A key corner of Wall Street is making its most bearish bet against stocks ever
- Wall Street traders have taken on the biggest short position in US stocks on record.
- Trend-following CTAs are short $47 billion of US equities, according to data from Goldman Sachs.
- The extreme short positioning could ultimately fuel buying pressure for stocks if the bet is unwound.
Professional traders in one corner of Wall Street have taken on their biggest bet ever against US stocks, according to data from Goldman Sachs.
The bank said in a Monday note that trend-following traders on Wall Street, also known as commodity trading advisers (CTAs), are short a record $47 billion of US stocks. The extreme positioning comes after they sold $88 billion worth of stocks over the past 15 trading sessions.
"This is the largest US short position for this cohort on record," Goldman Sachs' Cullen Morgan said.\
CTAs typically utilize futures, options, and commodity contracts to express their bearish or bullish position in the market. They tend to rely solely on trend-following momentum trading strategies to dictate what, and when, they buy and sell.
They're a closely watched group on Wall Street because as trends in certain assets reverse and extend, CTAs have a tendency to quickly flip their positioning and pile into the trending assets. That can have a big impact on stocks in a short period of time, given that they manage about $350 billion in assets. That's enough buying or selling pressure to move stock prices.

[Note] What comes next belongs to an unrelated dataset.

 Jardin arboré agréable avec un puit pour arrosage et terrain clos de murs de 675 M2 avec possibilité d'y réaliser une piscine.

The extreme short positioning among CTA funds is happening as the stock market is attempting to mark a technical bottom after the S&P 500's 8% decline from its late-July high.
"The S&P 500 defended 4,200 area support on last week's probe down to 4,216, keeping the rising 40-week moving average and the June breakout point at 4,195 intact as support," Bank of America technical analyst Stephen Suttmeier said in a Monday note.

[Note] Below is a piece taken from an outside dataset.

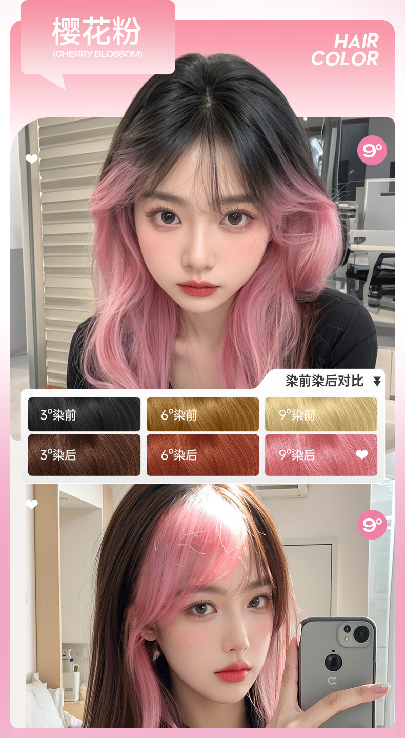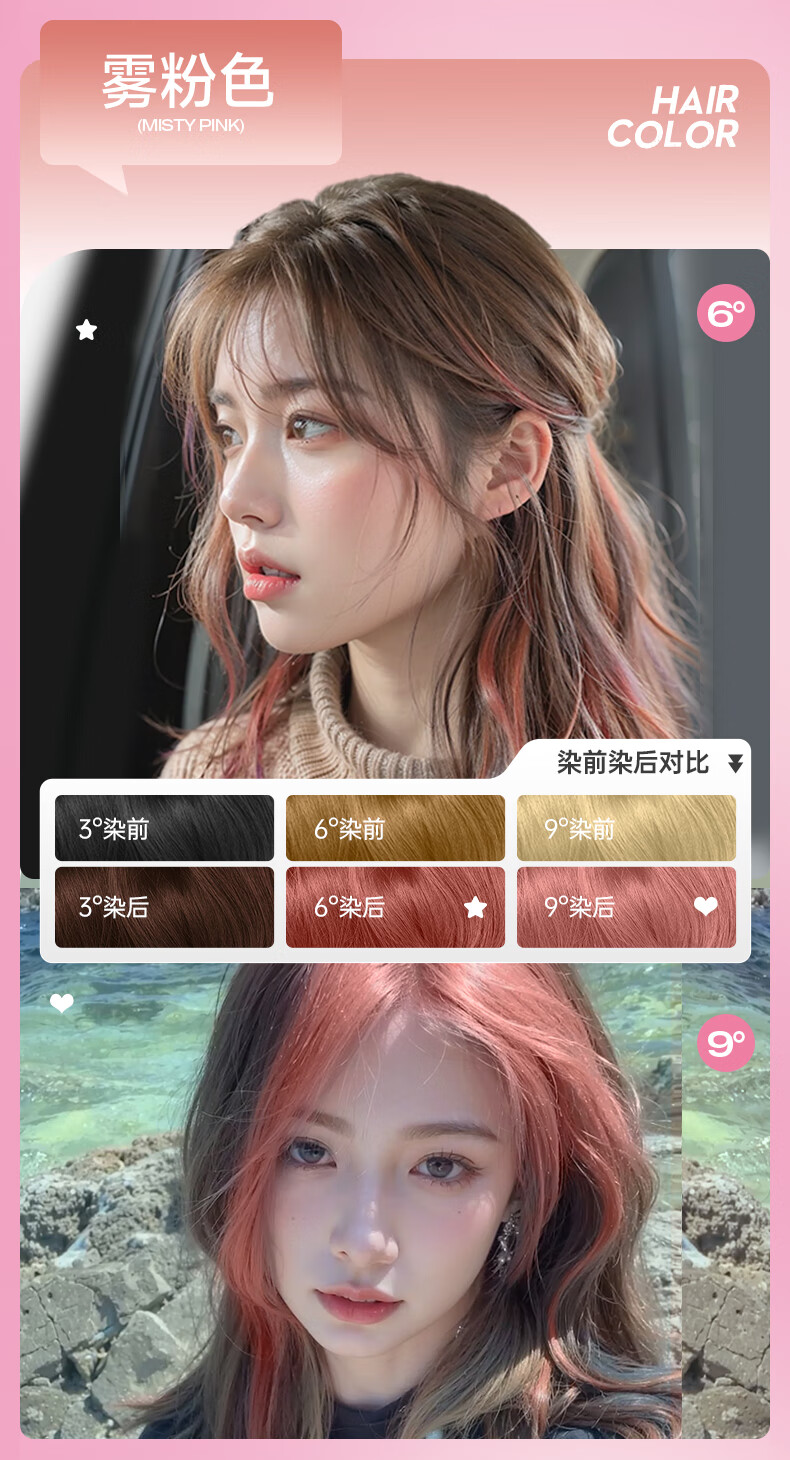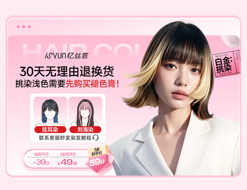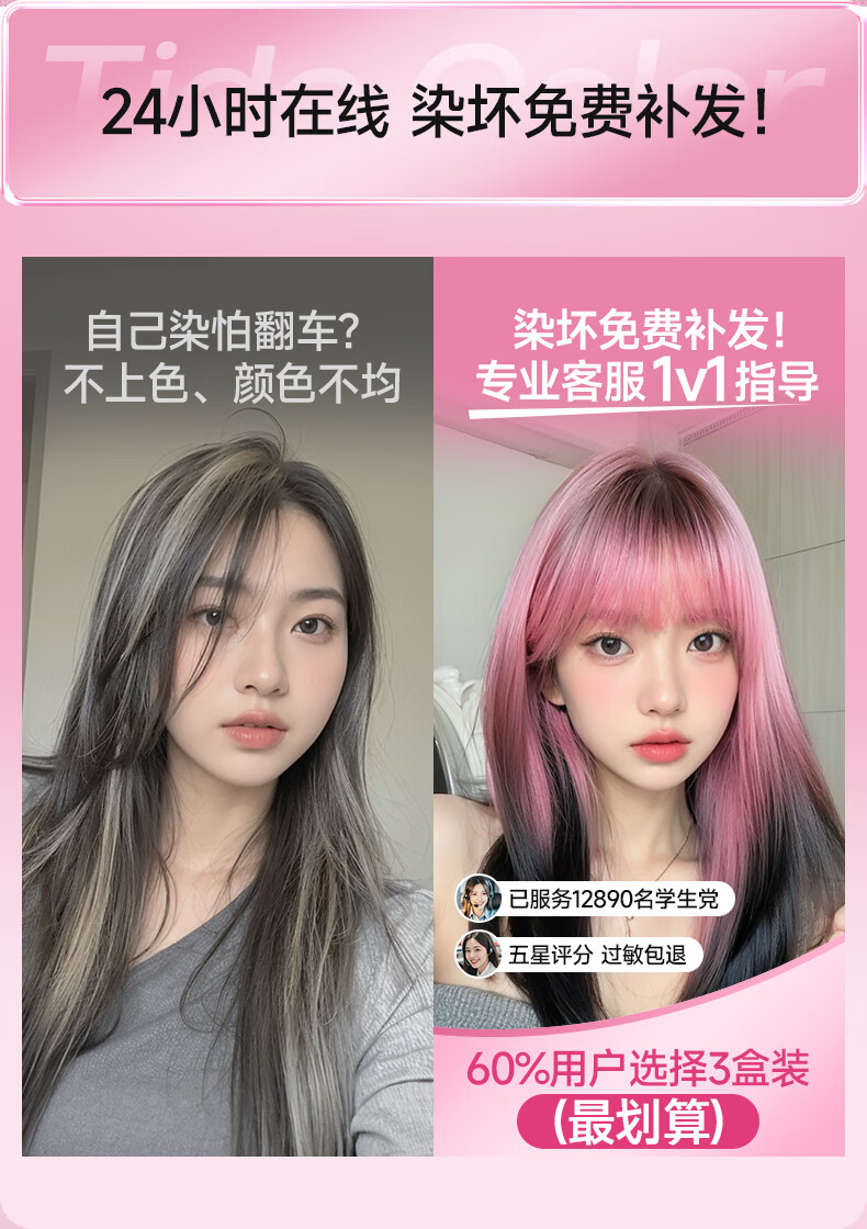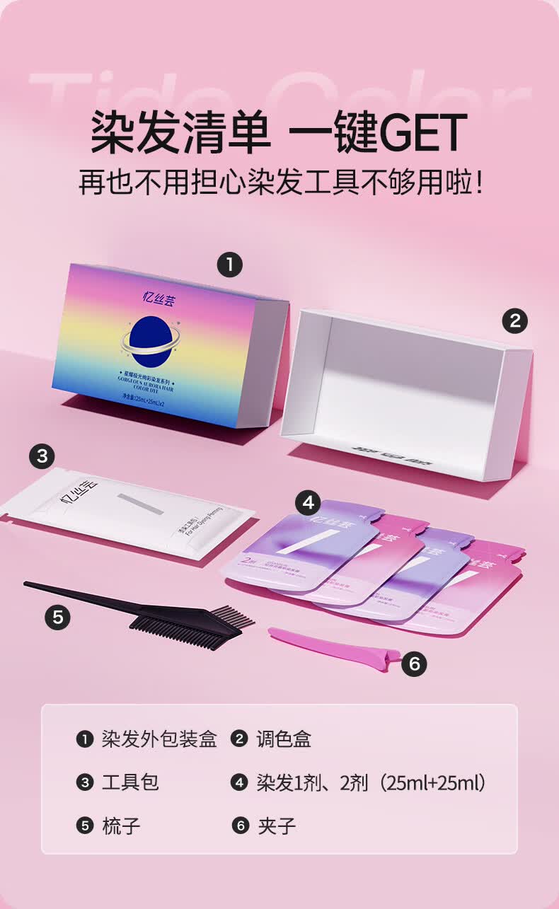 忆丝芸染发膏挑染挂耳染发剂漂发剂褪色膏蓝色粉色绿色植物男女士专用 雾粉色(7度)D-9

This wouldn't be the first time the stock market has bottomed right around the same time trend-following CTAs were net bearish on stocks. Similar extremes of short positioning among CTAs also occurred during the March 2020 stock market bottom during COVID-19, and in late 2018, when the market went on to stage a strong rally throughout 2019.
And the CTAs could in fact become a big source of buying pressure for stocks if the S&P 500 continues to show evidence of bottoming and moving higher.
"The CTAs are now buyers of S&P 500 in every scenario over the next month," Morgan said, citing an internal bank model.